▸ Provided records:

^^^^

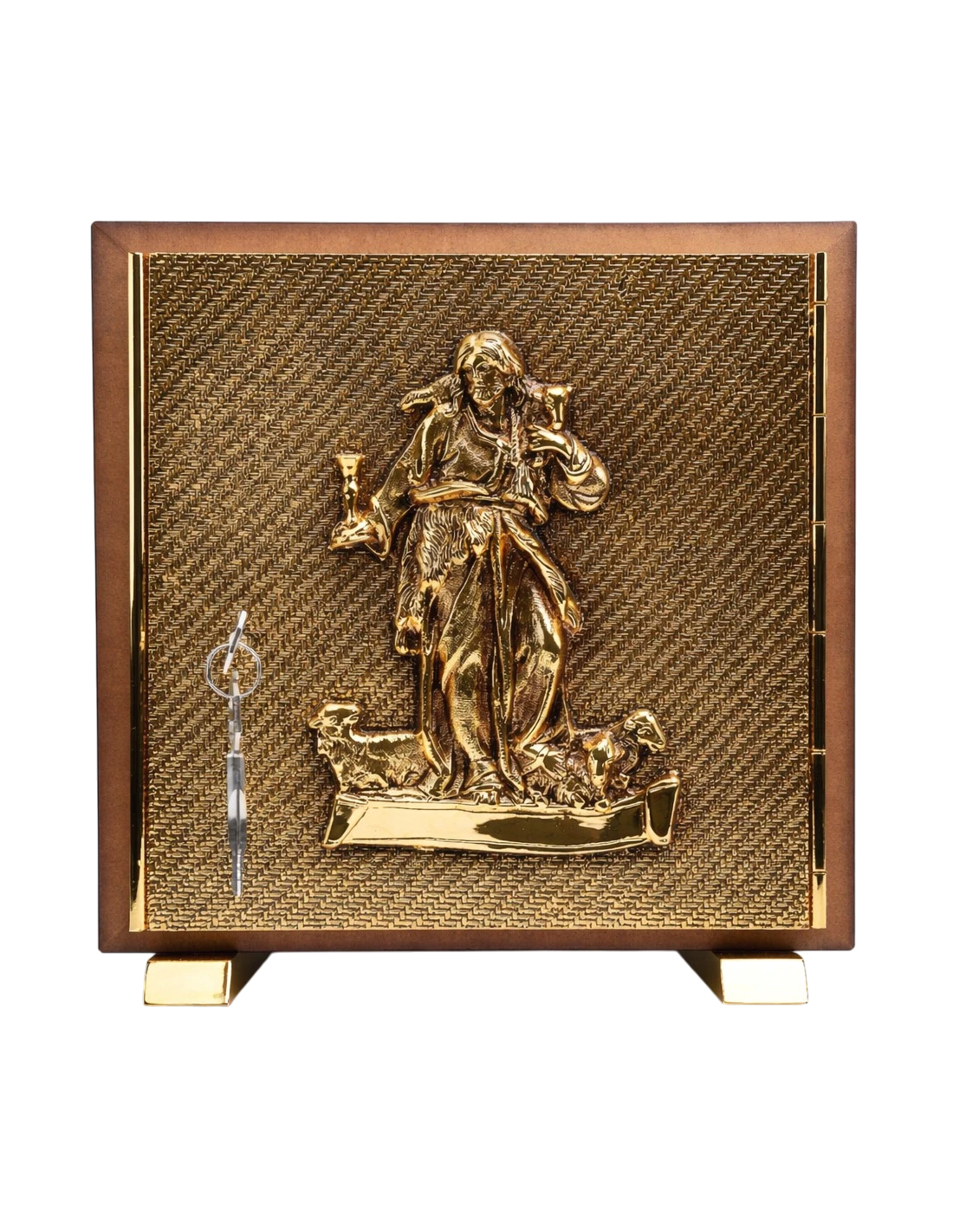 Sagrario “Jesús Buen Pastor”. Este sagrario único está fabricado en madera noble de alta calidad con un espesor de 2 cm, recubierto internamente con una lámina de latón de 1 mm, ofreciendo solidez, protección y durabilidad excepcionales. Su diseño frontal representa a Jesús como Buen Pastor, rodeado de ovejas, símbolo del cuidado, la guía y el amor de Cristo hacia su pueblo.
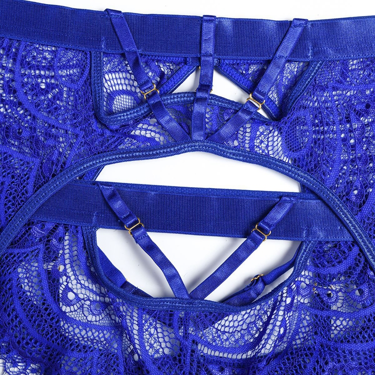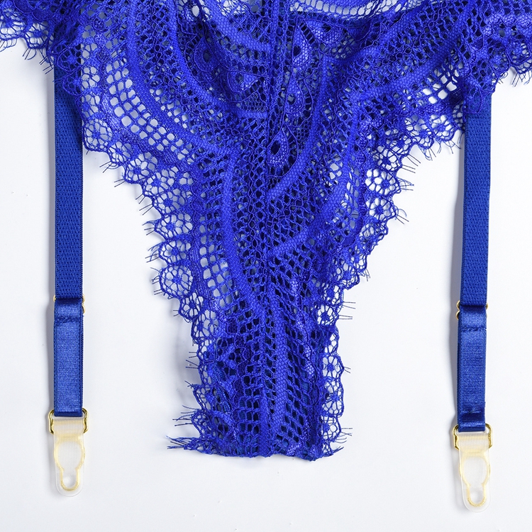 Show your honey all you have to offer in this ultra sexy bra set featuring eyelash lace underwire cups, adjustable spaghetti straps, a front keyhole opening, a hook and eye back closure, a matching garter belt with adjustable garter straps, a hook back closure, and a matching panty with a thong cut back.
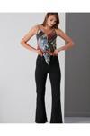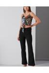 Kleshus Ganikus Vega Yüksek Bel Siyah İspanyol Paça Jean Flare Kadın Kot Pantolon Likra
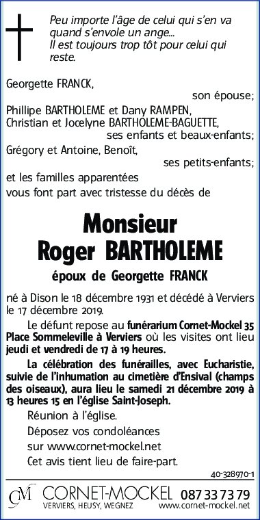Décédé à Verviers (4800) le mardi 17 décembre 2019 à l'âge de 87 ans
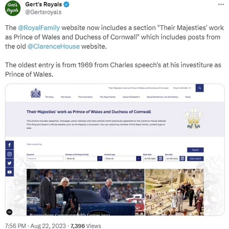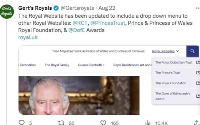 Tras la muerte de la reina Isabel II, la institución se ha encontrado editando y agregando nuevos informes a la web real, en donde a duras penas se podía leer el nombre de la reina Camilla Parker, por lo que estos han eliminado varios artículos y títulos del duque de Sussex, acciones que los fanáticos de la realeza han criticado, puesto que se siente como la reina Camilla Parker sustituye poco a poco al príncipe Harry.

^^^^

▸ What is being asked:
Retype the whole listing exactly. Do not include the pictures.

▸ Written response:
 Sagrario “Jesús Buen Pastor”. Este sagrario único está fabricado en madera noble de alta calidad con un espesor de 2 cm, recubierto internamente con una lámina de latón de 1 mm, ofreciendo solidez, protección y durabilidad excepcionales. Su diseño frontal representa a Jesús como Buen Pastor, rodeado de ovejas, símbolo del cuidado, la guía y el amor de Cristo hacia su pueblo.
 Show your honey all you have to offer in this ultra sexy bra set featuring eyelash lace underwire cups, adjustable spaghetti straps, a front keyhole opening, a hook and eye back closure, a matching garter belt with adjustable garter straps, a hook back closure, and a matching panty with a thong cut back.
 Kleshus Ganikus Vega Yüksek Bel Siyah İspanyol Paça Jean Flare Kadın Kot Pantolon Likra
Décédé à Verviers (4800) le mardi 17 décembre 2019 à l'âge de 87 ans
 Tras la muerte de la reina Isabel II, la institución se ha encontrado editando y agregando nuevos informes a la web real, en donde a duras penas se podía leer el nombre de la reina Camilla Parker, por lo que estos han eliminado varios artículos y títulos del duque de Sussex, acciones que los fanáticos de la realeza han criticado, puesto que se siente como la reina Camilla Parker sustituye poco a poco al príncipe Harry.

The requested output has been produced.